What are the eigenvalues and eigenfunctions for T(f(x)) = 5f(x) on C for V:R->R?

[glueball8]

Homework Statement

T(f(x)) = 5 f(x)
T is defined on C. Find all real eigenvalues and real eigenfunction. V:R -> R

Homework Equations

Not sure.

The Attempt at a Solution

No, clue. I can find eigenvalues for matrices, that's not a problem. I'm having problem that its a T(function) = something function, how do I solve a problem like this in general?

Any hints?

Thanks

 

[Mark44]

Isn't 5 the eigenvalue?

 

[glueball8]

Isn't 5 the eigenvalue?

Bad example. So the eigenfunction is any function?

Uh how to do theses in general? Can you make up something more complicated and explain how to do it?

Or a link?

 

[HallsofIvy]

How about using the definition of "eigenvalue": If T is a linear transformation that maps functions into functions, then \alpha is an "eigenvalue" and a non-zero function, f(x), is an eigenvector if and only if Tf(x)= \alpha f(x). If you are told that Tf(x)= 5f(x) for all f, then, yes, 5 is the only eigenvalue and every function in the space is an eigenvector. T just "multiplies by 5" and is exactly the same as a diagonal matrix having all "5" on its diagonal.

 

[vela]

Bad example. So the eigenfunction is any function?

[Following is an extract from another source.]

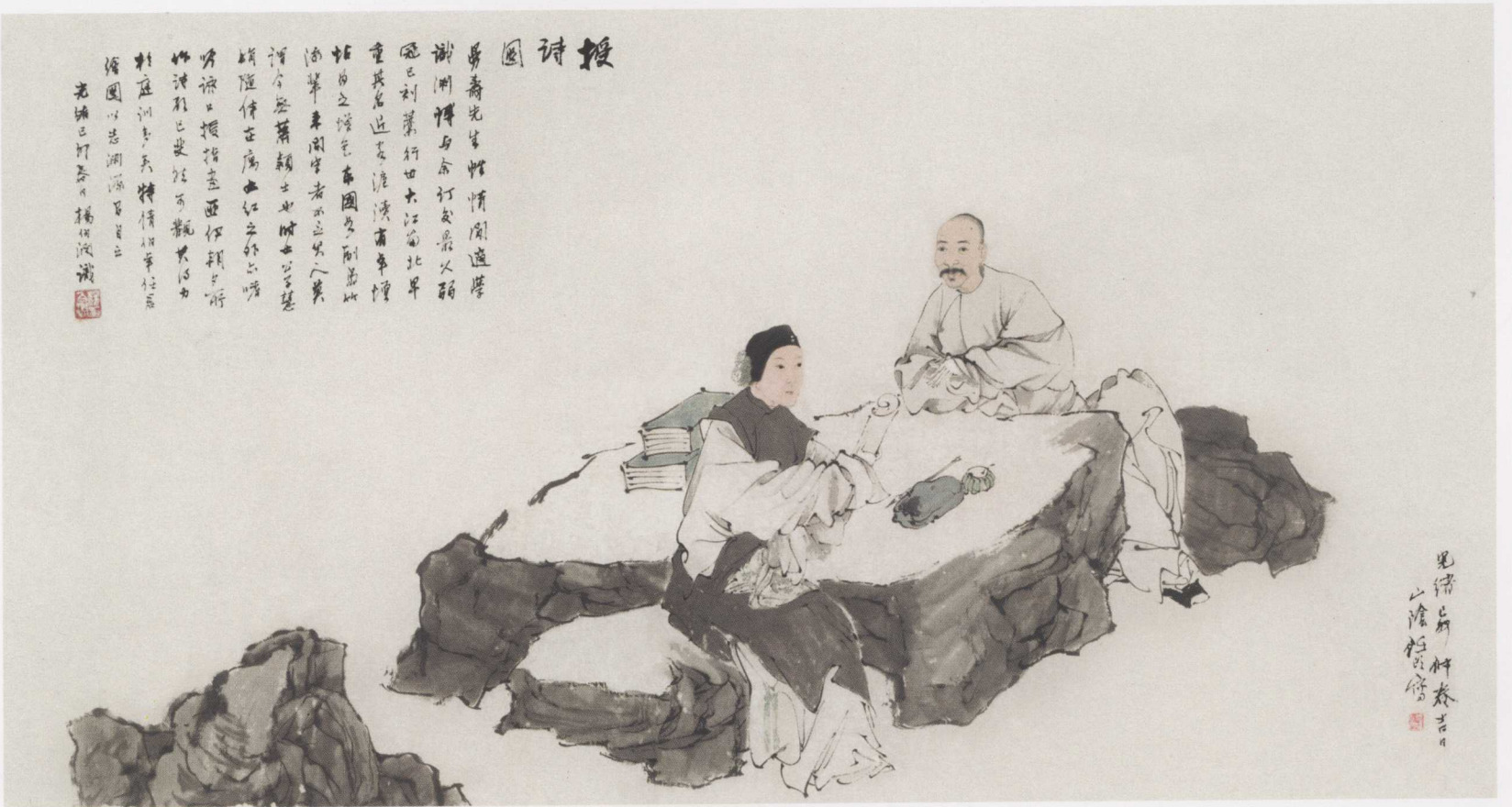
图8. 授诗图 97.7cm × 51.7cm

If all T does is multiply a function by 5, then yes.

Uh how to do these in general? Can you make up something more complicated and explain how to do it?

Usually, you solve a differential equation. Equations like the Legendre's differential equation, the Bessel's differential equation, and the Schrodinger equation are all of this form.

The differential equation y'-\lambda y=0 is a simple example. You could write it as

D(y) = \lambda y

where D is the derivative operator. The solution to this equation y=e^{\lambda x} is an eigenfunction of D.

Did you have a specific type of problem in mind?

 

[glueball8]

Ok cool. :)

How about T(f(x)) = 4f(-x) + f'(x) + 6f(6)? (Might not be do able) Or something like that?

Thanks

 

[Mark44]

Give us an actual problem, not something you just made up.